Nearly one-third of its commission revenue was spent on driver subsidies over the fourth quarter of 2018. Operating costs were roughly equivalent to 21% of total fare revenue from its private car hailing business during this time, Chen Xi, executive president of Didi’s Ride-sharing Business Group, said on Monday. Meanwhile, fourth quarter average commission rate was 19% of fare revenue, and the 2% difference was recorded as operating losses.
Chen stressed the continued losses could not last long, promising more efforts on cost reduction in order to “run businesses in a sustainable way.”
Additionally, driver subsidies accounted for 7% of total fare revenue during the same period, the company said, explaining that driver incentives were a critical tool to meet market demand during the peak times.
This was the first glimpse of Didi’s internal finances as questions mount about its fiscal viability as well as safety on its platform.
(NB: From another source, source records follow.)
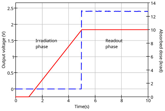 The simulated output voltage and input radiation dose are shown in Figure 16. During the irradiation phase, the drain voltage is equal to zero because the RADFET is disconnected from the readout circuit and its terminals are shorted. In the readout phase, the drain voltage is approximately , since the applied dose (10 krad) does not approach the saturation region and no gate bias is applied during irradiation.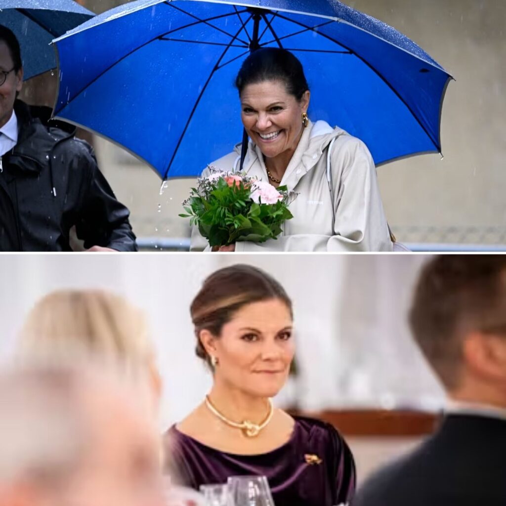 Kronprinsesse Victoria og prins Daniel blev overrasket af regnvejr, da de var på opgave i Gamleby, og det kom der fine billeder ud af.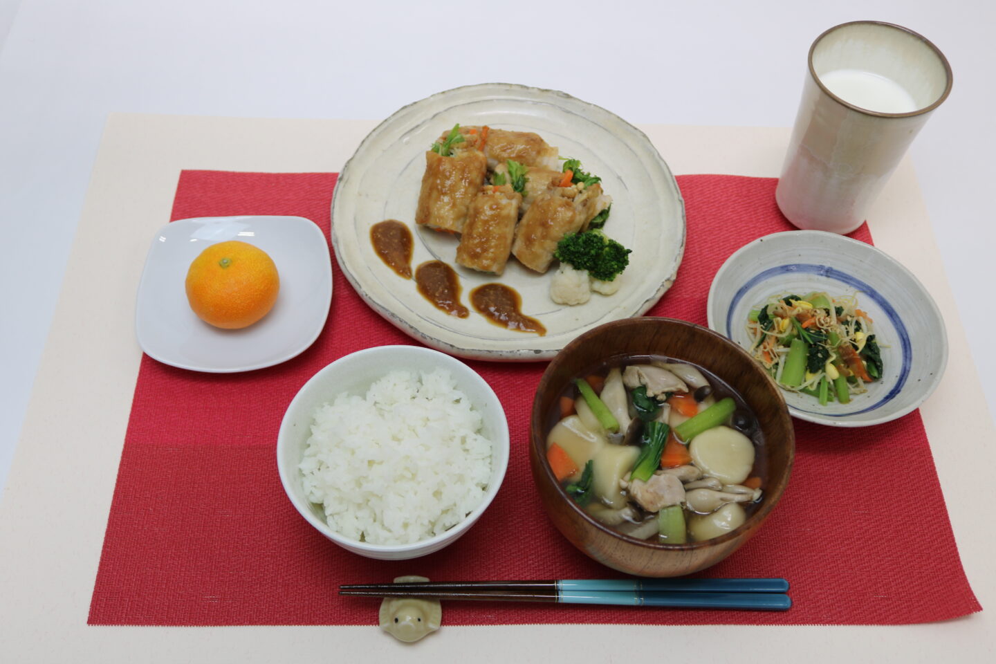 ・シャキシャキのみずななどの野菜を豚肉で巻いて焼いた三色肉巻きと、カロテンや鉄が豊富なこまつなのあえもの、果物はみかんを組み合わせました。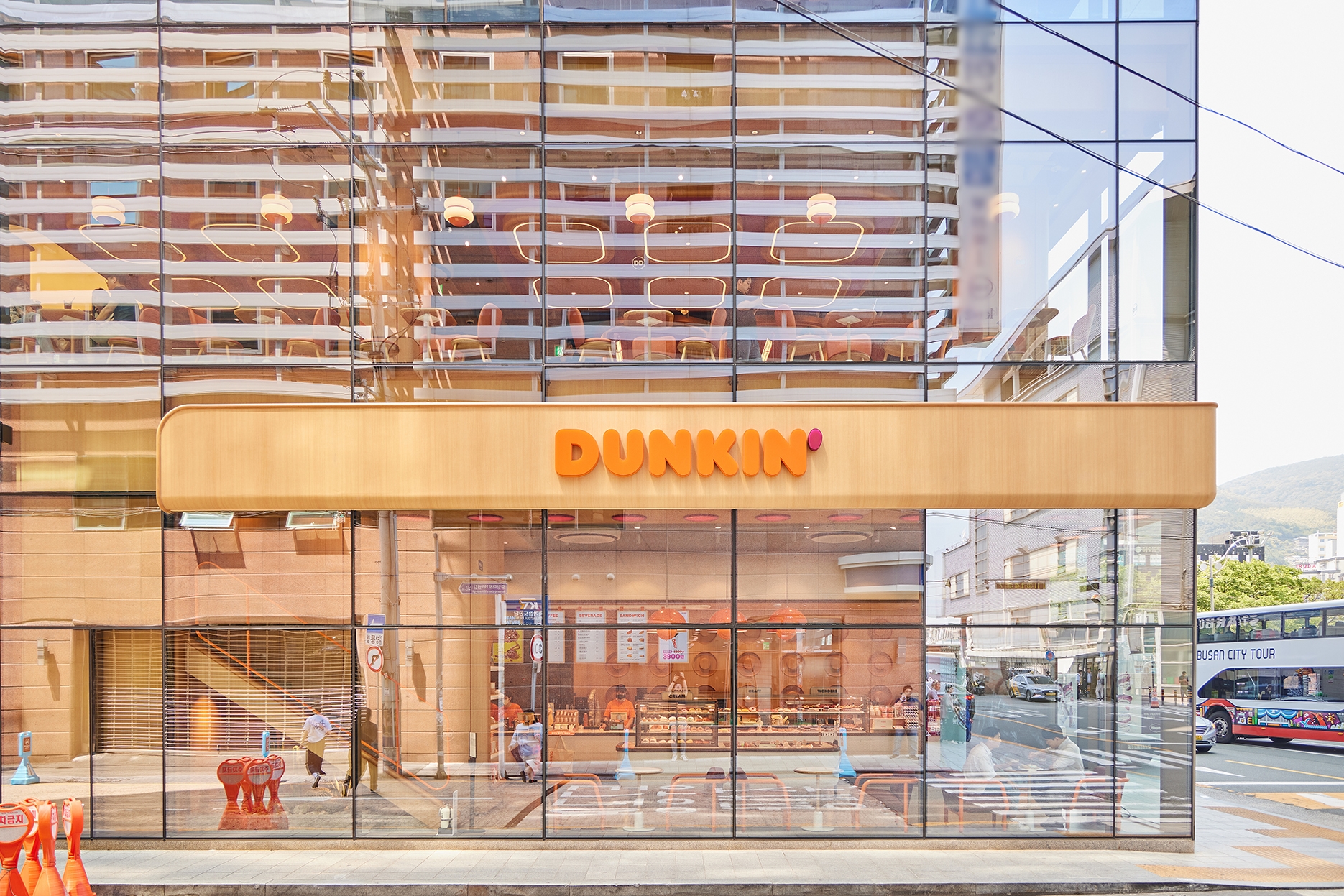 오직 부산역 라마다점에서만 맛볼 수 있는 시그니처 메뉴와 시야가 확 트이는 매장 전경, 리뉴얼로 만들어진 쾌적한 인테리어를 꼽을게요. 특히 밤에 보이는 던킨 매장의 풍경은 정말 예뻐요.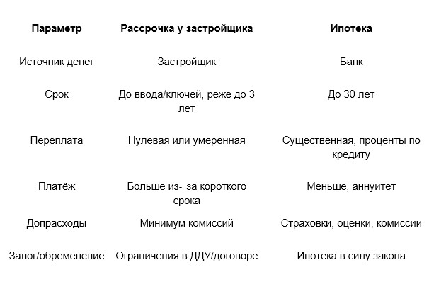 Главные отличия: деньги даёт застройщик, а не банк. Срок короче, переплата ниже или нулевая, но платёж больше. И расходов на страховки минимум, зато график менее гибкий.

According to an internal file obtained by Chinese media, the Chinese ride-hailing firm recorded a loss of RMB 10.9 billion (roughly $1.48 billion) in 2018, nearly five times the reported $400 million in losses booked in 2017.
Didi had expected 2018 to be a profitable year, according to Chinese media reports in March 2018 citing industry sources. But by October, following the murders of two female passengers in May and August, its priorities shifted to security, according to a corporate executive cited by the Wall Street Journal.
Global ride-hailing giants share a common problem of huge losses despite robust commission revenues, as competition in the worldwide ride-hailing market remains intense. Uber reported $3.03 billion in operating losses in 2018, and has run at a loss for three consecutive years beginning in 2016, according to its SEC filing from earlier this month. Its core ride-hailing business had a 22% commission rate over the past year, and the US ride giant continues to offer subsidies to drivers to gain market share around the world.